The LiveUptown.com Harlem Card: cardholders are afforded discounts of 5 percent or more at local upscale restaurants and retailers, without the hassle of using coupons, reward programs or the addition of hidden fees. Cardholders simply present their LiveUptown.com Harlem Card when they are making a purchase and receive their discount right on the spot.
Both the LiveUptown.com Harlem Restaurant Book (20,000 copies) and LiveUptown.com Harlem Card (50,000) are distribute for FREE. To get yours, send an email to LiveUptownHarlem@aol.com.











Thomas Lopez-Pierre
May 18, 2009
P.S.: Your comment about: [new charming “boutique” Mexican Restaurant called “Lolitas” @ 112th & Lenox, directly across the street from THOUSANDS of public housing project apartments].
We tried to include “Lolitas” in our Harlem Restaurant Book but they do not have a website. We require all restaurants in our book to have a website.
We hope that when we publish our 2nd issue in August 2009 that they will have a website so we can include them in our book.

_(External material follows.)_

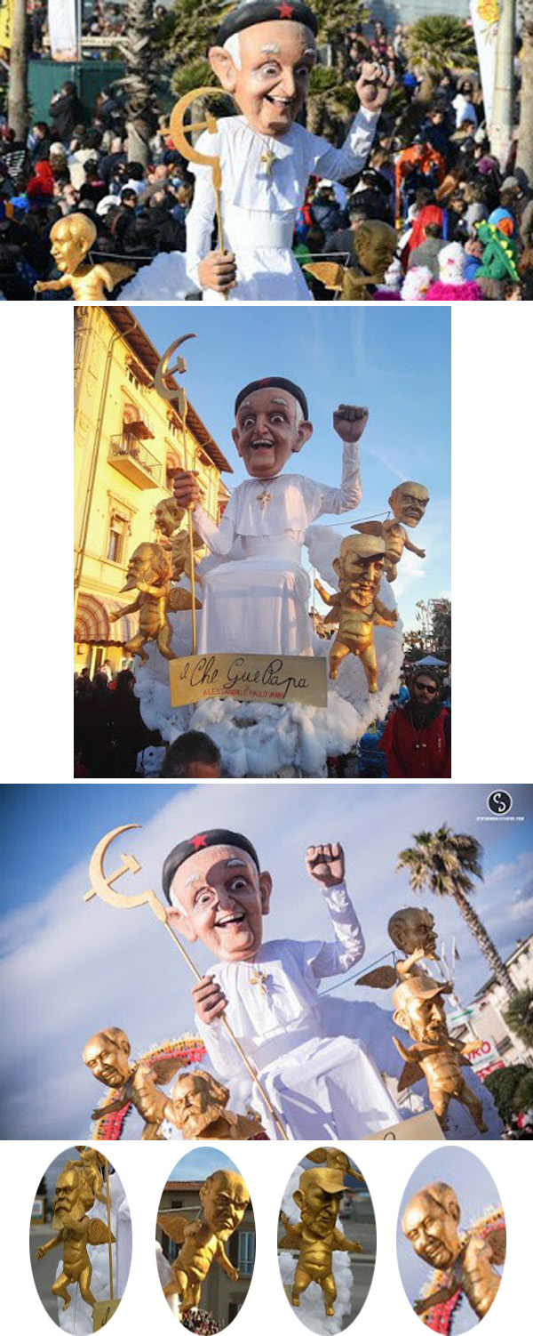 La figura de Bergoglio sentado en una nube también podría estar de pie, como se muestra en la primera fila de abajo , y los jefes » ángeles» balanceandose arriba y abajo para saludar al público. El flotador se llamó «El Che GuePapa», un juego de palabras en el nombre de Che Guevara.
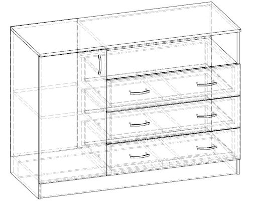 • Корпус, полки и фасады изготовлены из ЛДСП 16 мм с кромкой ПВХ 0,4 мм.

All restaurants are included FREE of charge. Restaurants DO Not pay to be listed in the LiveUptown.com Harlem Restaurant Book.
Anonymous
May 18, 2009
This is outrageous, a problem, & inconsistent with the historical spirit of UptownFlavor. 6 Points:
(1) This is a pure business model profit focused publication seeking $1K & $500 ads from merchants. This is not an unbiased fair and balanced service despite assuring inclusion to all restaurants with a minimal listing like a phone book.
(2) Have you read the website about this? Complete and total _Division_ and class warfare. Since when has UptownFlavor been in the business of promoting, supporting, and advocating division and class warfare in Harlem?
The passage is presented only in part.